To the knowledge of the Directors, except as otherwise set out in this Information Circular, no Director, officer or insider of the Doman Group, or any associate or affiliate of any of the foregoing persons, has any material interest, direct or indirect, by way of beneficial ownership of securities or otherwise, in any matter to be acted upon at the Meeting.

INTEREST OF INFORMED PERSONS IN MATERIAL TRANSACTIONS

To the knowledge of the Directors, no informed person (as defined in National Instrument 51-102 - Continuous Disclosure Obligations) of the Corporation, no proposed director of the Corporation and no known associate or affiliate of any such informed person or proposed director, during the year ended December 31, 2024, has or has had any material interest, direct or indirect, by way of beneficial ownership of securities or otherwise, in any transaction which has or would materially affect Doman or any of its subsidiaries, except as set forth below or in the Corporation's most recent AIF, which is incorporated by reference in this Information Circular and can be accessed on SEDAR+ at www.sedarplus.ca. All defined terms not defined herein have the meanings ascribed to them in the AIF.

Certain distribution facilities used by the Corporation to store and process inventory are leased from a company in which a Director and an officer of the Corporation have a minority interest and the land and buildings of certain of the treatment plants are leased from entities solely controlled by a Director. All lease rates were market tested in advance of the signing of the lease agreements and were determined to be at market rates.

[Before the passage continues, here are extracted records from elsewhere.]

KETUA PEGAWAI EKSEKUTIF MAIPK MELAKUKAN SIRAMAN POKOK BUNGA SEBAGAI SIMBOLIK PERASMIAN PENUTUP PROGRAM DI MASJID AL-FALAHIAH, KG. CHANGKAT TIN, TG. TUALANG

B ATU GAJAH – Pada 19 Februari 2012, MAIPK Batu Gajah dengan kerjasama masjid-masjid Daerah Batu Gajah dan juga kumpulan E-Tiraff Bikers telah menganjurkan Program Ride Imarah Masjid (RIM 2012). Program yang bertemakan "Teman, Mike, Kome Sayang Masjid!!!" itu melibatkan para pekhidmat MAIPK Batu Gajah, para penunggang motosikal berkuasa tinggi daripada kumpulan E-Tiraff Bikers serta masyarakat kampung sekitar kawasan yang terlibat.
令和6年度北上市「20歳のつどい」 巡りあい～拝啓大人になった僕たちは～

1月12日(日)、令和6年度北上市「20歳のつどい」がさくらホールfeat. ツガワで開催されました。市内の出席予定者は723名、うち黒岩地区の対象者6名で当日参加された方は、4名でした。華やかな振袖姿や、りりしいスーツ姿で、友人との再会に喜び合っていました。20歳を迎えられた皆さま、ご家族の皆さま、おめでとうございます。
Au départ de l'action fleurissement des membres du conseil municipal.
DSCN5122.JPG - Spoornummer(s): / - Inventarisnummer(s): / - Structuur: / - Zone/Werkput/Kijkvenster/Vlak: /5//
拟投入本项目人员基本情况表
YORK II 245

Lease payments to such related parties were $4.2 million in the year ended December 31, 2024. The minimum payments under the terms of these leases are as approximately as follows: $5.0 million in 2025, $4.5 million in 2026, $4.6 million in 2027, $4.7 million in 2028, $4.5 million in 2029, and $6.0 million thereafter.

During the year ended December 31, 2024, the Corporation paid fees of $1.0 million for management fees and other services to a company owned by a Director, and was charged professional fees of $617,000 by a company owned by an officer of the Corporation.

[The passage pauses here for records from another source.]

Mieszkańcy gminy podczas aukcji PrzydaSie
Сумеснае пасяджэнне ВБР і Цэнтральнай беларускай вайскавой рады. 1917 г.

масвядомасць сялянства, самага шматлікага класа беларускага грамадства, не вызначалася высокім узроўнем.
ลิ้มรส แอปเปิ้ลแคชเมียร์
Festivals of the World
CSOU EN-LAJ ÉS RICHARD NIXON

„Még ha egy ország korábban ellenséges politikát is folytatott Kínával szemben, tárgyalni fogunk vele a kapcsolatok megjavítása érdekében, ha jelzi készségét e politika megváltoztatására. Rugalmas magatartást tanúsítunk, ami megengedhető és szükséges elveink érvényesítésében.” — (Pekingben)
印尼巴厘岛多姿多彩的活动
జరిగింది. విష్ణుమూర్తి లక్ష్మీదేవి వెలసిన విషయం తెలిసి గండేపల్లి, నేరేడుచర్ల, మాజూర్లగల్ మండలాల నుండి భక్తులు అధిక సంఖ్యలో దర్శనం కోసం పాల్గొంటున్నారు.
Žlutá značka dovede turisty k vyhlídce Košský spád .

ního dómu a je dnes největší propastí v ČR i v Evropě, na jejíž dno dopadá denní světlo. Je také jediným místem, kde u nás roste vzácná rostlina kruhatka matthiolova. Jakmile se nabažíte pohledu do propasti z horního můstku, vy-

During the year ended December 31, 2024 the Corporation purchased $2.0 million of product from a public company in which a Director and officer of the Corporation has an ownership interest. All the purchases are in the normal course of operations and are recorded at exchange amounts.

For additional information, please see note 23 of the Corporation's consolidated financial statements for the year ended December 31, 2024, which are available at www.sedarplus.ca.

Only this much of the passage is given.